Не так-то просто — найти во Франции пленительную книгу, созданием рисунков для которой был занят кто-нибудь другой: не Плас. Все боги и герои из мифов Древней Греции, а также персонажи классических романов и комедий, волшебных сказок, привезённых из Китая, историй Морпурго и де Фомбеля обязаны своим изображением таланту Пласа как художника и Пласа как читателя.
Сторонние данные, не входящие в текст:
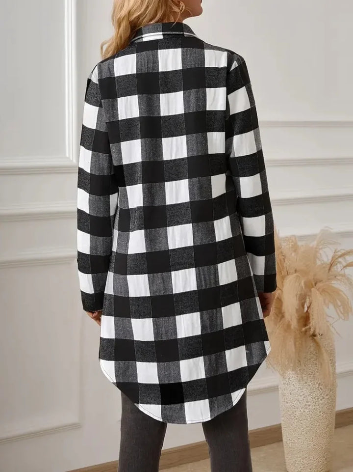 Kadın Uzun Kollu Ekoseli önden Düğmeli Dokuma Uzun Gömlek

Но только этим дело не кончается. Десятки тысяч семилеток впервые начали читать — без мамы или папы — те книги про малышку Лу, плывущую по морю вместе с дядей, которые придумал Франсуа. А девять лет назад он написал роман от имени подростка, который не попал на поле боя, поскольку человек, решивший, что он умер, отвёз его в другую, параллельную, реальность.
Набросок для книги «Большие медведи».
— Быть может, мы похожи на места, в которых родились и повзрослели. Или какие-то из них нам просто кажутся «другими»: особыми или родными. Как вышло, что вы выбрали Бретань, чтобы начать историю об узнике Двенадцати провинций?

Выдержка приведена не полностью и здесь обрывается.